We are looking at time series data.  Our function needs to be applied on a rolling basis.

This is where the [slider](https://cran.r-project.org/web/packages/slider/vignettes/slider.html) package, and its ```slide_period_dfr``` function come in.  

First the ```ipc``` function is wrapped in an outer function in order to apply by group.  

In [None]:
ipc_by_grp <- function(df) { 
  df %>% 
    split(.$sector) %>%
    map_dfr(., ipc, .id = 'sector')
}

In [None]:
daily_price_rtn %>% 
  filter(date_stamp >= '2020-02-11' & date_stamp <= '2020-07-31') %>%
  ipc_by_grp()

sector,date_stamp,ipc
<chr>,<date>,<dbl>
1,2020-07-31,0.495892
2,2020-07-31,0.5700418


Finally we slide it.

In [None]:
slide_period_dfr(
  .x = daily_price_rtn,
  .i = daily_price_rtn$date_stamp,
  .period = "month",
  .f = ipc_by_grp,
  .before = 5,
  .complete = TRUE
)

sector,date_stamp,ipc
<chr>,<date>,<dbl>
1,2020-06-30,0.09560748
2,2020-06-30,-0.14320115
1,2020-07-31,0.49081102
2,2020-07-31,0.56886202
1,2020-08-04,0.51351245
2,2020-08-04,0.56957118


The results for July 2020 differ very slightly - 0.57 versus 0.568 for sector 2.  This likely due to the ```slide_period_dfr``` function being applied by month, as opposed to the specific day range for the ```ipc_by_grp``` function.  

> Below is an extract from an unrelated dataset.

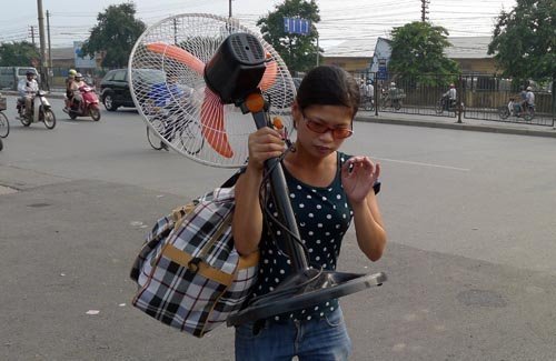 Ngoài đồ dùng cá nhân và sách vở, thí sinh và người nhà còn mang theo cả mỳ tôm, gạo và cả quạt để phục vụ kỳ thi đại học năm nay.

We can check this by changing the day range on the earlier function.


In [None]:
daily_price_rtn %>% 
  filter(date_stamp >= '2020-02-01' & date_stamp <= '2020-07-31') %>%
  ipc_by_grp()

sector,date_stamp,ipc
<chr>,<date>,<dbl>
1,2020-07-31,0.490811
2,2020-07-31,0.568862


In agreement.  That's good enough for me.